Method Time/Image Speedup
DDIM Prompt-to-Prompt ~600s (10 min)
Our Pipeline (SSD-1B FP16) ~6s 100×

Quality (700 PIE-Bench images on A100):

Configuration SSIM ↑ LPIPS ↓ CLIP ↑ PSNR ↑
DDIM P2P (Baseline) 0.711 0.209 25.01 17.87
SSD-1B FP16 0.620 0.249 30.88 18.13
SDXL FP16 (Ours) 0.662 0.194 30.19 20.63

The metrics reveal a compelling balance: our method achieves 23.5% higher CLIP score than the slow baseline while maintaining comparable structure preservation (SSIM only 12.8% lower). Better yet, semantic similarity (DINO) is 58% better than DDIM, indicating superior content understanding despite faster inference.

Memory Efficiency:

Configuration VRAM (A100) Notes
SDXL FP32 22.7 GB Crashes on RTX 3060
SDXL FP16 11.2 GB 50.7% VRAM reduction
SSD-1B FP32 17.3 GB Usable with offloading
SSD-1B FP16 8.5 GB 50.9% VRAM reduction, fits on 6GB GPU

Architecture

The pipeline combines three components: a base diffusion model (SDXL or its distilled variant SSD-1B), Latent Consistency Models for few-step inference, and ControlNet for structure preservation via Canny edge guidance.

graph TB
    subgraph Input
        A[Source Image] --> B[Canny Edge Detector]
        A --> C[VAE Encoder]
        D[Text Prompt] --> E[CLIP Text Encoder]
    end

    B --> F[Edge Map]
    C --> G[Source Latent<br/>4×128×128]
    E --> H[Text Embeddings]

    subgraph "Guided Img2Img Diffusion"
        F --> I[ControlNet<br/>Canny]
        G --> J[UNet + LCM LoRA<br/>4 steps, CFG=1.5<br/>strength=0.5]
        H --> J
        I -->|Structure Guidance| J
    end

    J --> K[Edited Latent]
    K --> L[VAE Decoder<br/>fp16-fix]
    L --> M[Edited Image]

    style J fill:#e1f5ff
    style I fill:#fff4e1
    style L fill:#ffe1f5
Loading

The choice of SSD-1B over SDXL was driven by memory constraints—at 50% smaller (1.8B vs 3.5B parameters), it fits comfortably on consumer GPUs. LCM (Latent Consistency Models) reduces the traditional 50-step DDIM process to just 4 steps with minimal quality loss. ControlNet extracts Canny edges from the source image to guide the img2img diffusion process, preserving structural layout while enabling semantic edits.

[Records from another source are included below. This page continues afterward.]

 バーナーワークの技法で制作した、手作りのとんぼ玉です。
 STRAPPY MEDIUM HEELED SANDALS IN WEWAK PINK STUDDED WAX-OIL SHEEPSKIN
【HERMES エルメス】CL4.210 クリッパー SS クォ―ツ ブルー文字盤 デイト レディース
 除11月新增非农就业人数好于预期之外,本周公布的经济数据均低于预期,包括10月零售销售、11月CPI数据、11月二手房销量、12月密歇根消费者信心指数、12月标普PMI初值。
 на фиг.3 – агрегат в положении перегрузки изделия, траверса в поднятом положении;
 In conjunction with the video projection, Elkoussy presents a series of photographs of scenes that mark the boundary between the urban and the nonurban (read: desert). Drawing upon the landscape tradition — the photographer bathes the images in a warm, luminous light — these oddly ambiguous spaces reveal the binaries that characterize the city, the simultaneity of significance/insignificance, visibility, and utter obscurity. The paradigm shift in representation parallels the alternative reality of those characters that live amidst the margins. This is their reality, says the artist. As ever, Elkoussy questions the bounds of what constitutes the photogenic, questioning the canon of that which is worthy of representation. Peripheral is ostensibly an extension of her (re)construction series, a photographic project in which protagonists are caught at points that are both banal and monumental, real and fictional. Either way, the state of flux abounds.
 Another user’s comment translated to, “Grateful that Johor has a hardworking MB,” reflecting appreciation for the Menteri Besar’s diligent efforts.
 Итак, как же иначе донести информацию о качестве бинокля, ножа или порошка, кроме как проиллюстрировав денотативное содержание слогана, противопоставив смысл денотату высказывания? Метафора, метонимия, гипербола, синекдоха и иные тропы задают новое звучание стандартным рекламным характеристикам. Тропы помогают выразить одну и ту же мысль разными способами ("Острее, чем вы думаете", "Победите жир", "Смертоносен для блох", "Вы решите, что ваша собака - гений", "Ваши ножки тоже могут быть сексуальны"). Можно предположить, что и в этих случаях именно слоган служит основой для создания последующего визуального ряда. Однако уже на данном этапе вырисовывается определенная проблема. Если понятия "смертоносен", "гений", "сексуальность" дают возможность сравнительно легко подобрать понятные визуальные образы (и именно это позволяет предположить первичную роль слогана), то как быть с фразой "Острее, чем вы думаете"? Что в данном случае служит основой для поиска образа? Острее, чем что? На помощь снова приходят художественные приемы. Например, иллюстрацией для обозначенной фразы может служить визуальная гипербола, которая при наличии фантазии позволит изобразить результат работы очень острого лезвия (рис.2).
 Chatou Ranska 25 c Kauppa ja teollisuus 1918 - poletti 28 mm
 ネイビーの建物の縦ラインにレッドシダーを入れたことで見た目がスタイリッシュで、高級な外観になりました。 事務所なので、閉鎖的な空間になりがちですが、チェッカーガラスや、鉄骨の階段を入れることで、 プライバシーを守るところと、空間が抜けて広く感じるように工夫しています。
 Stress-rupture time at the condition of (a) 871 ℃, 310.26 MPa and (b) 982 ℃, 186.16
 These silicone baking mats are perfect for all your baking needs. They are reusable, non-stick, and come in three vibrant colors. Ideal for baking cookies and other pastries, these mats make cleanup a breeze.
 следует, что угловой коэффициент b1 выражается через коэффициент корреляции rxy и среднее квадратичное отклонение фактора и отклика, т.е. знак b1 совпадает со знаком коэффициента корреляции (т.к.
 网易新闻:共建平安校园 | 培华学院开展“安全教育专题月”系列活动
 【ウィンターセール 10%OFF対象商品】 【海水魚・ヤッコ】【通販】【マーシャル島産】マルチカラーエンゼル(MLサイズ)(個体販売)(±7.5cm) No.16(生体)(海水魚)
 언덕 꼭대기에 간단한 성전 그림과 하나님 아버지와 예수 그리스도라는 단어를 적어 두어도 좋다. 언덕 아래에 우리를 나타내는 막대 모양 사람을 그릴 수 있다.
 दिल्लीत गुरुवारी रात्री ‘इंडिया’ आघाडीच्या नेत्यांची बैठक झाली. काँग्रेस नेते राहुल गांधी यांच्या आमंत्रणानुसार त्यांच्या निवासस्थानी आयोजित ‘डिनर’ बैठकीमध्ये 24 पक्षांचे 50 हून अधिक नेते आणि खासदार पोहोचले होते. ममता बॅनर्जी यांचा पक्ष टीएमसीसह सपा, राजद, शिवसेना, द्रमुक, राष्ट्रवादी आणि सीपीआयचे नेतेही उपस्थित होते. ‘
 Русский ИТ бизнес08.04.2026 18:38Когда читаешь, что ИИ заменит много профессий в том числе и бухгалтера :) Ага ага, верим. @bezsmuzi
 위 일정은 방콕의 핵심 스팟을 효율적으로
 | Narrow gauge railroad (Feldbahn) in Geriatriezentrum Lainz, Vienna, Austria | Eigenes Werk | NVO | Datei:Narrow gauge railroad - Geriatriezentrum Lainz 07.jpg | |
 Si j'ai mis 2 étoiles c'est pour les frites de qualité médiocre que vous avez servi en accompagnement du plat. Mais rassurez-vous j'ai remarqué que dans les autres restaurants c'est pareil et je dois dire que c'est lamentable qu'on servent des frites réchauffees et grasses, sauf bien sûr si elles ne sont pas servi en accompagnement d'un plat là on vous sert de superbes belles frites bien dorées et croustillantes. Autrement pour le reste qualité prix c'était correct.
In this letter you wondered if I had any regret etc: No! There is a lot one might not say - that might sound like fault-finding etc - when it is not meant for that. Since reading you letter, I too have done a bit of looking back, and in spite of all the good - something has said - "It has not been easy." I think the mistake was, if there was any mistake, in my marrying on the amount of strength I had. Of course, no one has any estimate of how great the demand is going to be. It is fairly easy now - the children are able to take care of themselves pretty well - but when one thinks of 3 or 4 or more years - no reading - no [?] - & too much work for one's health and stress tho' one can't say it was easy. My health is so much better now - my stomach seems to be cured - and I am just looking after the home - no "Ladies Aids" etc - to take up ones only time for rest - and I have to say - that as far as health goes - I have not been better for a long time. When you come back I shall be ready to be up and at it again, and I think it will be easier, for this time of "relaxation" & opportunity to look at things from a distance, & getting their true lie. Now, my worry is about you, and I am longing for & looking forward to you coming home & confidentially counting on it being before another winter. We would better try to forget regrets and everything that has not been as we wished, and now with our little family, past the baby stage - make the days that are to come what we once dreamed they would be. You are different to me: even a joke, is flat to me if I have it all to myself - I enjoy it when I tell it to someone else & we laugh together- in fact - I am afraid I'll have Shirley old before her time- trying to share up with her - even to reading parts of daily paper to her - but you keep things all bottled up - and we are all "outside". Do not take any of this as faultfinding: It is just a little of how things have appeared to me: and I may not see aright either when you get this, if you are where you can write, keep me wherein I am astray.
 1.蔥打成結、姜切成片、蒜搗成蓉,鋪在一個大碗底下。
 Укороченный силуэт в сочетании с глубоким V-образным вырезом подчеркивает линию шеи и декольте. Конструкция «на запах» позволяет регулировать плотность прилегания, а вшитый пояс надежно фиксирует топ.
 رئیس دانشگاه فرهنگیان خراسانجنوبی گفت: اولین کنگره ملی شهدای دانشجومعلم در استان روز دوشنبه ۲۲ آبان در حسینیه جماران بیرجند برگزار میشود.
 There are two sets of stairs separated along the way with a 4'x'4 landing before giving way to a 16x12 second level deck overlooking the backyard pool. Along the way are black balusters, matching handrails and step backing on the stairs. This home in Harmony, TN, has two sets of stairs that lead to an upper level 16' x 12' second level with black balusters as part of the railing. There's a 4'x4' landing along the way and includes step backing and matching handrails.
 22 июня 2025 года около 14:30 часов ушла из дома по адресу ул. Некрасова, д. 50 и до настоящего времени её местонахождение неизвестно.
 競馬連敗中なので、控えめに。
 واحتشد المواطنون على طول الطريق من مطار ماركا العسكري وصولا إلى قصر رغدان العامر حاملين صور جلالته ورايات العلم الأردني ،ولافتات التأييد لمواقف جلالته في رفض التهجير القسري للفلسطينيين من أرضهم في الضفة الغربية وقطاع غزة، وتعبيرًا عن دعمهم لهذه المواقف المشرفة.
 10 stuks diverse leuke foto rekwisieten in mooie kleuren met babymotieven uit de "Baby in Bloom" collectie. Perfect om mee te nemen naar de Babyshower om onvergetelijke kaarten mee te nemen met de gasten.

Both SDXL and SSD-1B operate at 1024×1024 resolution, a significant quality improvement over SD 1.5's 512×512. This higher resolution enables more detailed edits and better preservation of fine structures in the source image.

SSD-1B vs SDXL SDXL FP16 achieves more natural looking results, but SSD-1B FP16 achieves comparable semantic accuracy 33% faster


Performance Optimizations

Getting this pipeline to run on a 6GB RTX 3060 required addressing multiple bottlenecks (see full hardware specs). Here's what made the difference:

1. FP16 Precision is Nearly Free

Using FP16 (torch.float16) cuts memory usage in half compared to FP32, with zero perceptual quality loss when paired with the madebyollin/sdxl-vae-fp16-fix VAE. This specialized VAE prevents the NaN issues and color artifacts that typically plague FP16 inference.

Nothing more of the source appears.